[Opening Recorded data section]

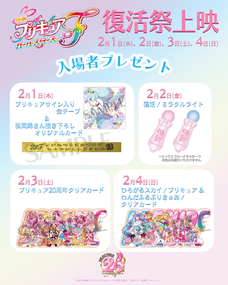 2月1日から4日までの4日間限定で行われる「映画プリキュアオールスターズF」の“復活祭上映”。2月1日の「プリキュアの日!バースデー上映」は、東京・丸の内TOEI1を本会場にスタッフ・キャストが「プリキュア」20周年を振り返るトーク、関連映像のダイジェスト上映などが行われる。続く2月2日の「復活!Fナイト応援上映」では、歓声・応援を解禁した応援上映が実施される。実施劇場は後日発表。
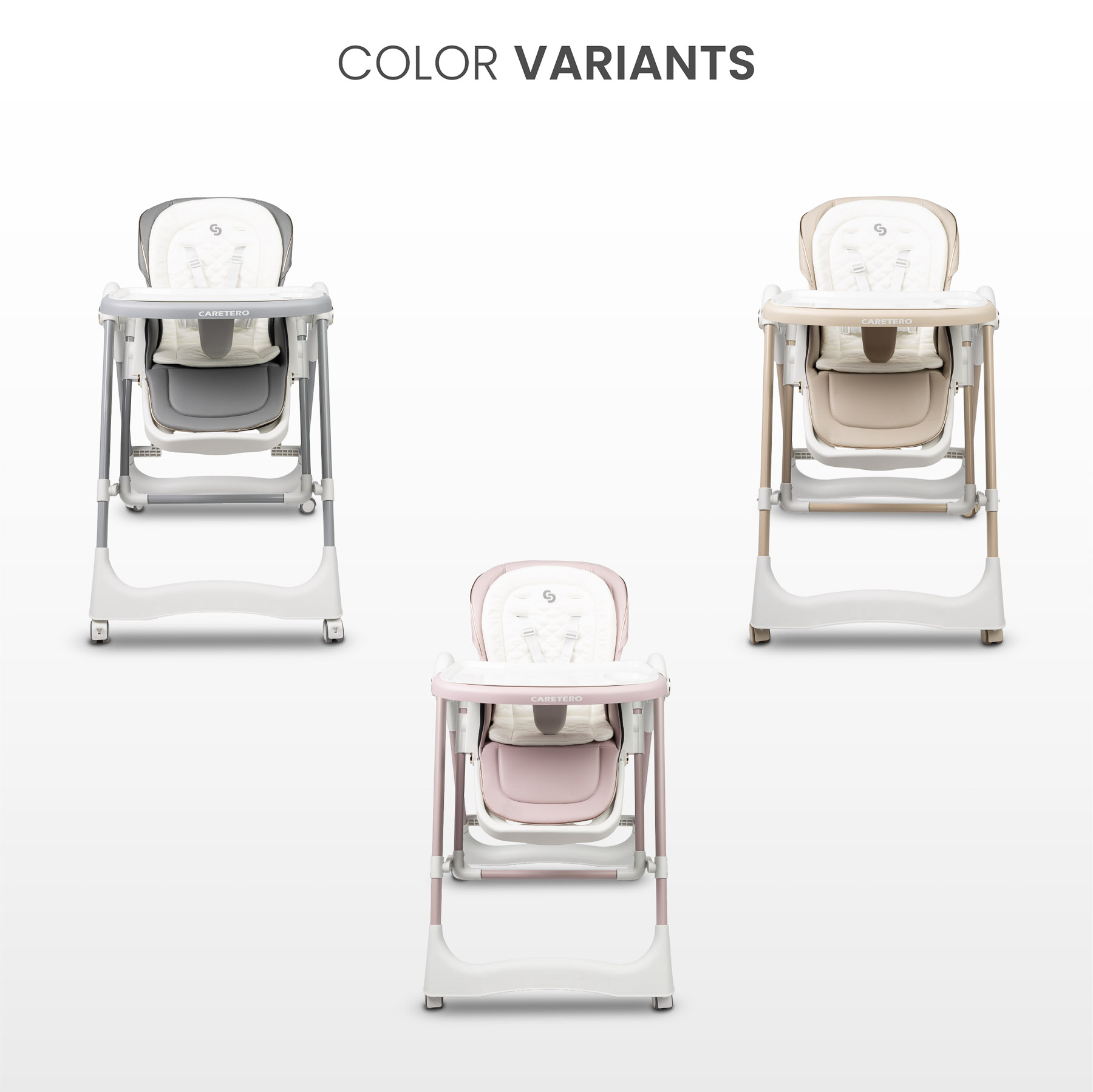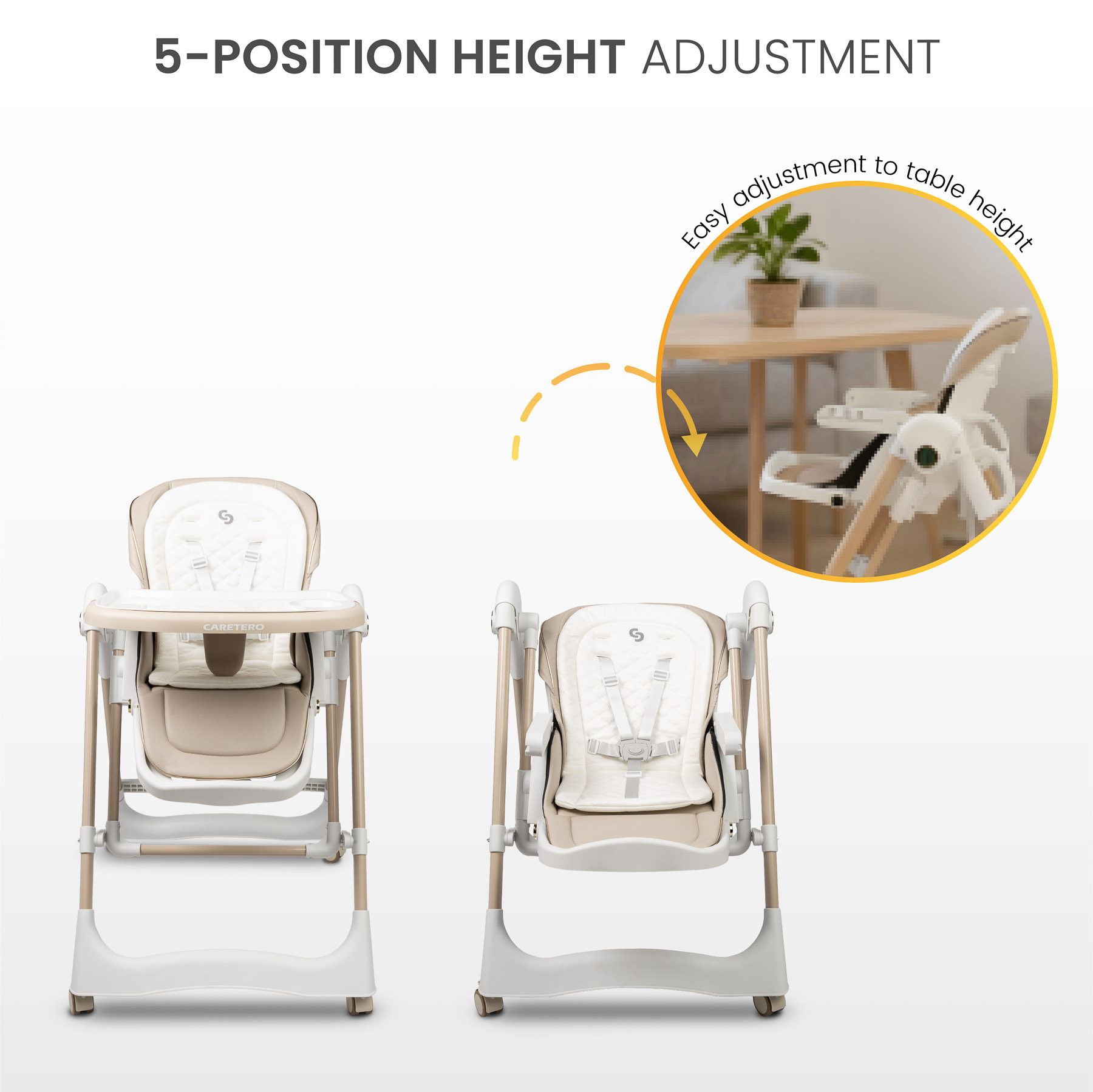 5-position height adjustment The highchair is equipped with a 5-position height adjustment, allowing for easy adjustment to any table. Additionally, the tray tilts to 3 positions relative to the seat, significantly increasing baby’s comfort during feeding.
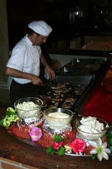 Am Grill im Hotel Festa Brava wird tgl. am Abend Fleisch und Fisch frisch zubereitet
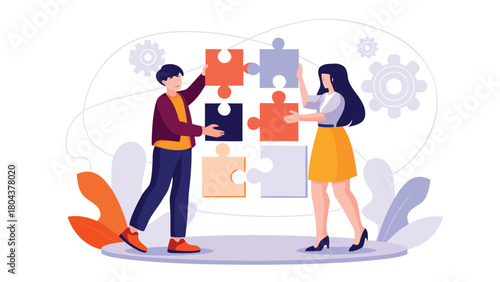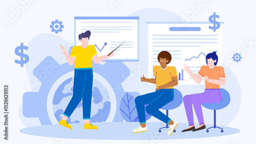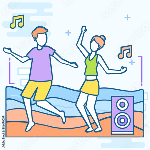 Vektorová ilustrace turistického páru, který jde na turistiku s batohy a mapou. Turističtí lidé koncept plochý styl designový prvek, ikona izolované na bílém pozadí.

[Closing Recorded data section]

**Assignment:**
Copy out the whole listing exactly, and don't carry over any pictures.

**Task response:**
 2月1日から4日までの4日間限定で行われる「映画プリキュアオールスターズF」の“復活祭上映”。2月1日の「プリキュアの日!バースデー上映」は、東京・丸の内TOEI1を本会場にスタッフ・キャストが「プリキュア」20周年を振り返るトーク、関連映像のダイジェスト上映などが行われる。続く2月2日の「復活!Fナイト応援上映」では、歓声・応援を解禁した応援上映が実施される。実施劇場は後日発表。
 5-position height adjustment The highchair is equipped with a 5-position height adjustment, allowing for easy adjustment to any table. Additionally, the tray tilts to 3 positions relative to the seat, significantly increasing baby’s comfort during feeding.
 Am Grill im Hotel Festa Brava wird tgl. am Abend Fleisch und Fisch frisch zubereitet
 Vektorová ilustrace turistického páru, který jde na turistiku s batohy a mapou. Turističtí lidé koncept plochý styl designový prvek, ikona izolované na bílém pozadí.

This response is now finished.